_Data below_
=-=-=

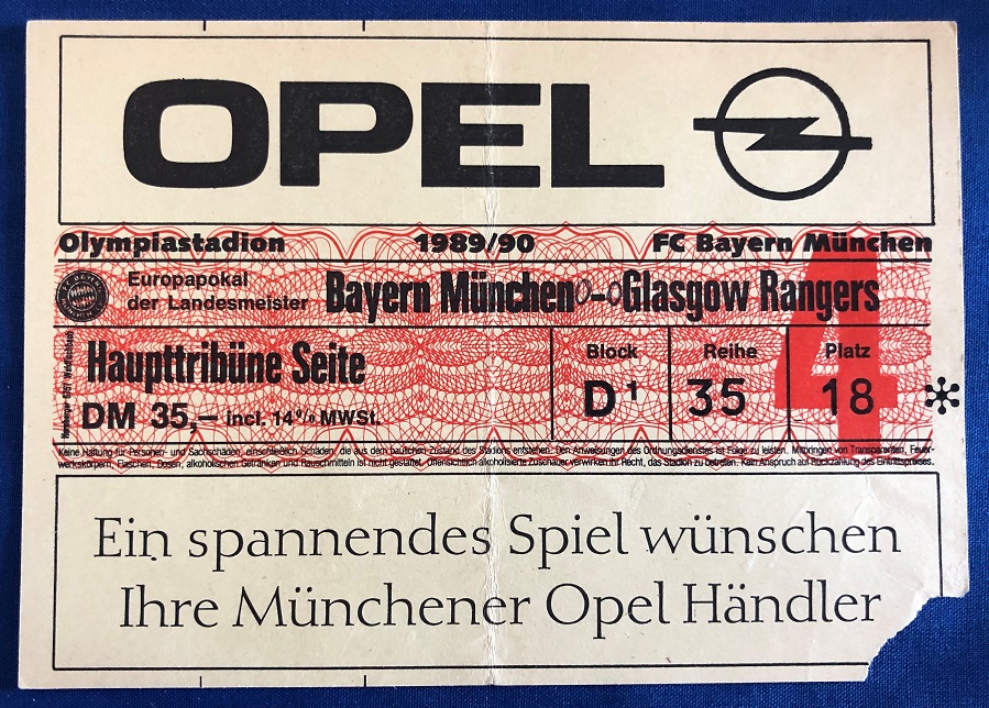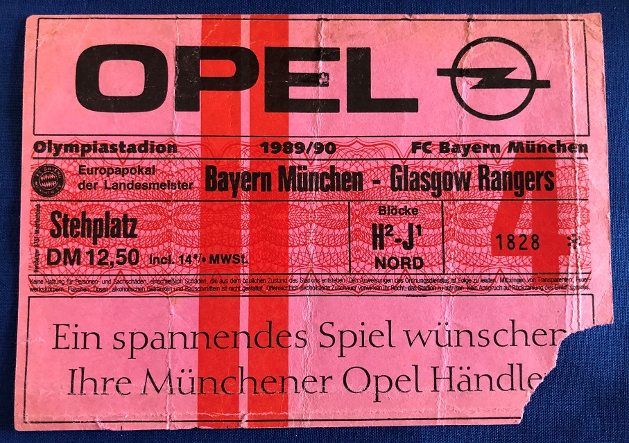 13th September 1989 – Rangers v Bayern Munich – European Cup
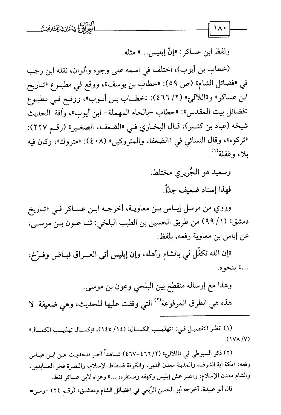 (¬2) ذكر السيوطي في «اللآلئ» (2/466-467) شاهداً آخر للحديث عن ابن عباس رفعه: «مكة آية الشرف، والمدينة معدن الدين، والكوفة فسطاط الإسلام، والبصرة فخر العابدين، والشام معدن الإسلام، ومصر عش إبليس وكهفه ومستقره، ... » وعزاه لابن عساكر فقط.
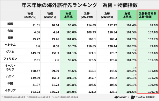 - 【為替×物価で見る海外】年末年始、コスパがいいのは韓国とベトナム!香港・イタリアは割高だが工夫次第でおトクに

=-=-=

_Instructions for the task_
Print each line of the listing, starting at its first and ending with the line that holds "(¬2) ذكر السيوطي", but skip any pictures.

_Written response_
 13th September 1989 – Rangers v Bayern Munich – European Cup
 (¬2) ذكر السيوطي في «اللآلئ» (2/466-467) شاهداً آخر للحديث عن ابن عباس رفعه: «مكة آية الشرف، والمدينة معدن الدين، والكوفة فسطاط الإسلام، والبصرة فخر العابدين، والشام معدن الإسلام، ومصر عش إبليس وكهفه ومستقره، ... » وعزاه لابن عساكر فقط.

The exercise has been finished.